**ACTION ITEM**
Take nothing but the lines from the one with "Bañador de hombre" through the one with "中国地质大学(武汉)2005年考研真题-钻井工艺原理" in the entries below, both ends kept, and return them exactly with pictures left out.

**STORED DATA**
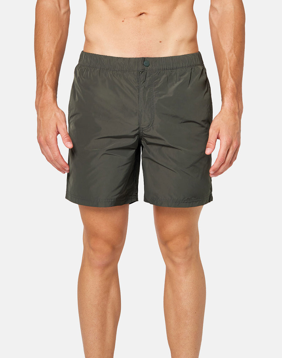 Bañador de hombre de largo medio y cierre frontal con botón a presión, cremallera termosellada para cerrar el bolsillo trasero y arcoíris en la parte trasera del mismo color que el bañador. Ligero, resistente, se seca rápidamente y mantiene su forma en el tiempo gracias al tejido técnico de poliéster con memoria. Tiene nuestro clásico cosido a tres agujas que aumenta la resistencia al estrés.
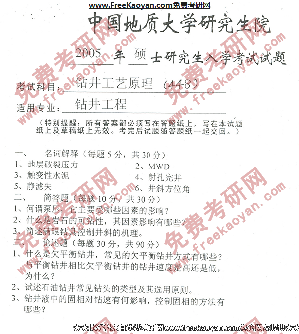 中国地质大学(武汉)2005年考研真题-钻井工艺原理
--
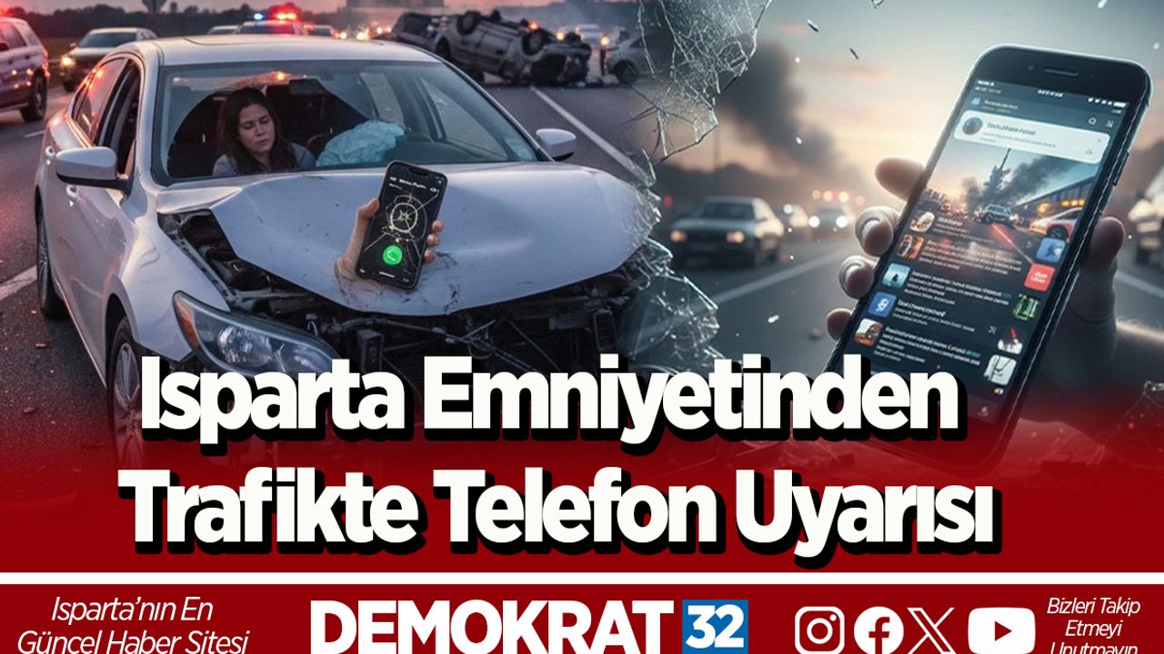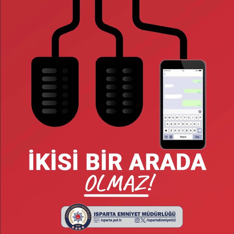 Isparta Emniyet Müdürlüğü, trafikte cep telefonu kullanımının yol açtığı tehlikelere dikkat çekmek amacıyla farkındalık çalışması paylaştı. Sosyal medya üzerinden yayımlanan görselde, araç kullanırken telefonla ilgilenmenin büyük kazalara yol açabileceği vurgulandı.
--
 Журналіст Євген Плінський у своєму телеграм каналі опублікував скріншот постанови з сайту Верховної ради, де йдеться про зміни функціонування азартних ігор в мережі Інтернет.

**REPLY**
 Bañador de hombre de largo medio y cierre frontal con botón a presión, cremallera termosellada para cerrar el bolsillo trasero y arcoíris en la parte trasera del mismo color que el bañador. Ligero, resistente, se seca rápidamente y mantiene su forma en el tiempo gracias al tejido técnico de poliéster con memoria. Tiene nuestro clásico cosido a tres agujas que aumenta la resistencia al estrés.
 中国地质大学(武汉)2005年考研真题-钻井工艺原理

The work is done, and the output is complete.